In the entries below, begin at the line with "Салаты есть можно, но" and stop after the line with "Although the park"; output those lines exactly and omit the pictures.

[Opening MATERIAL FOR THIS TASK section]

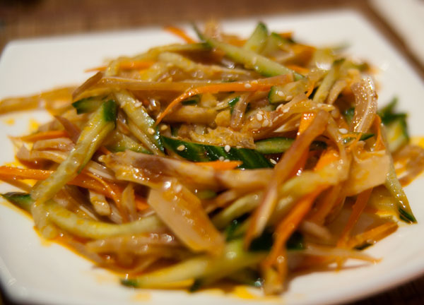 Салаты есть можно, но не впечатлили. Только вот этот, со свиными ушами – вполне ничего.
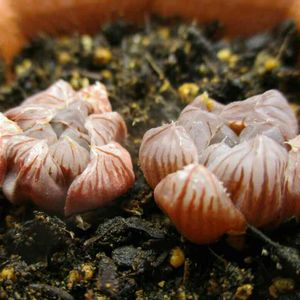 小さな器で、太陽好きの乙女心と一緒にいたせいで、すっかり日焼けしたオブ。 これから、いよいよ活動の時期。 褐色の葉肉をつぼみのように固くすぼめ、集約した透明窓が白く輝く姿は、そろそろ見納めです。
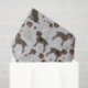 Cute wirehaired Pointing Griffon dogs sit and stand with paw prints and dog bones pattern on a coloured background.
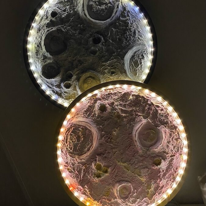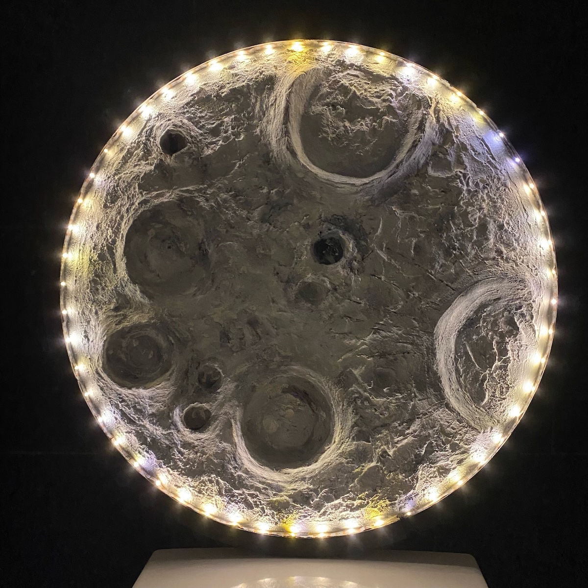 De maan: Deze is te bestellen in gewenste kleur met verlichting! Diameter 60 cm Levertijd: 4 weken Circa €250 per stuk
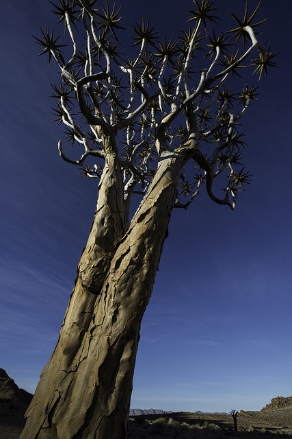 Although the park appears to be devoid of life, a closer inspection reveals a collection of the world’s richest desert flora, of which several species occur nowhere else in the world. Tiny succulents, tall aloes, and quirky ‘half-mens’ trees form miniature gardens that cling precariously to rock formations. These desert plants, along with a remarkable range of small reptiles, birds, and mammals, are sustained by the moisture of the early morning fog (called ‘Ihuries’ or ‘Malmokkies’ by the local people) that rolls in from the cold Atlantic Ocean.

[Closing MATERIAL FOR THIS TASK section]
[Opening MATERIAL FOR THIS TASK section]

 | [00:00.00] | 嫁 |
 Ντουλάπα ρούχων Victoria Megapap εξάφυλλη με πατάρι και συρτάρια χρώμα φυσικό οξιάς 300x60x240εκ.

[Closing MATERIAL FOR THIS TASK section]
[Opening MATERIAL FOR THIS TASK section]

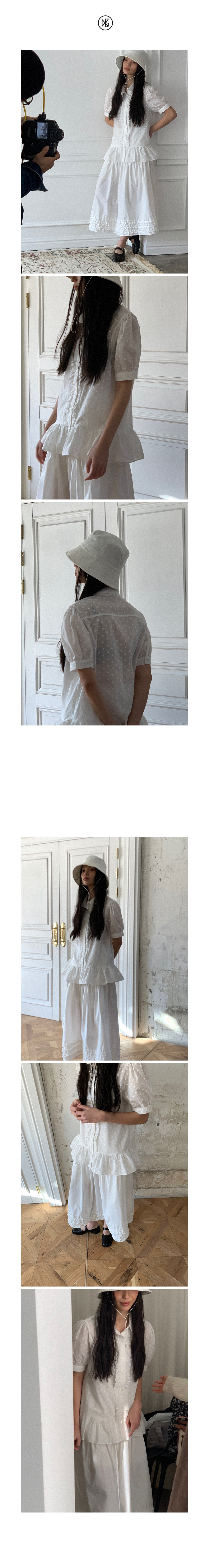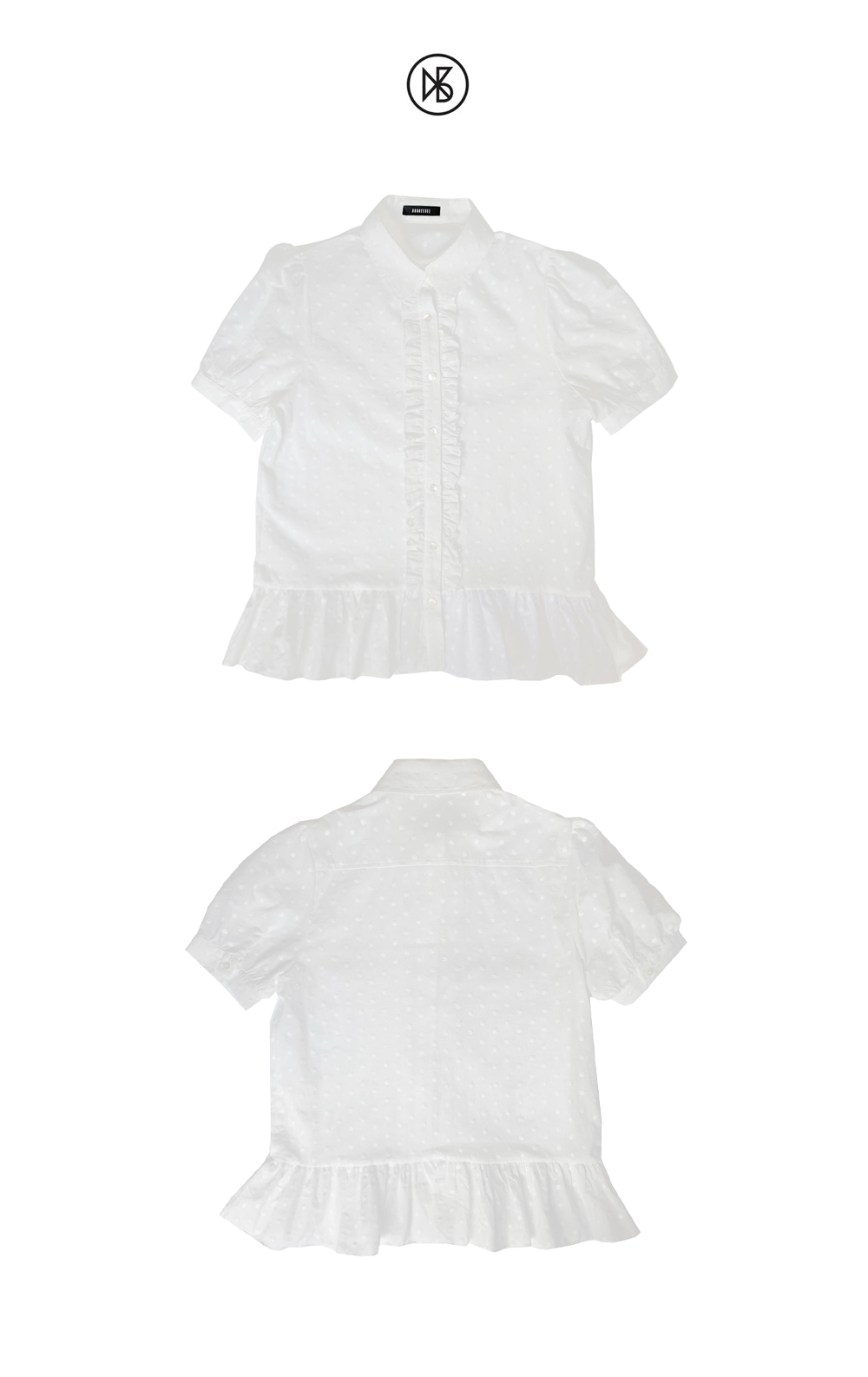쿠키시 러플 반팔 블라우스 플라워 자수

[Closing MATERIAL FOR THIS TASK section]

**EXERCISE OUTPUT:**
 Салаты есть можно, но не впечатлили. Только вот этот, со свиными ушами – вполне ничего.
 小さな器で、太陽好きの乙女心と一緒にいたせいで、すっかり日焼けしたオブ。 これから、いよいよ活動の時期。 褐色の葉肉をつぼみのように固くすぼめ、集約した透明窓が白く輝く姿は、そろそろ見納めです。
 Cute wirehaired Pointing Griffon dogs sit and stand with paw prints and dog bones pattern on a coloured background.
 De maan: Deze is te bestellen in gewenste kleur met verlichting! Diameter 60 cm Levertijd: 4 weken Circa €250 per stuk
 Although the park appears to be devoid of life, a closer inspection reveals a collection of the world’s richest desert flora, of which several species occur nowhere else in the world. Tiny succulents, tall aloes, and quirky ‘half-mens’ trees form miniature gardens that cling precariously to rock formations. These desert plants, along with a remarkable range of small reptiles, birds, and mammals, are sustained by the moisture of the early morning fog (called ‘Ihuries’ or ‘Malmokkies’ by the local people) that rolls in from the cold Atlantic Ocean.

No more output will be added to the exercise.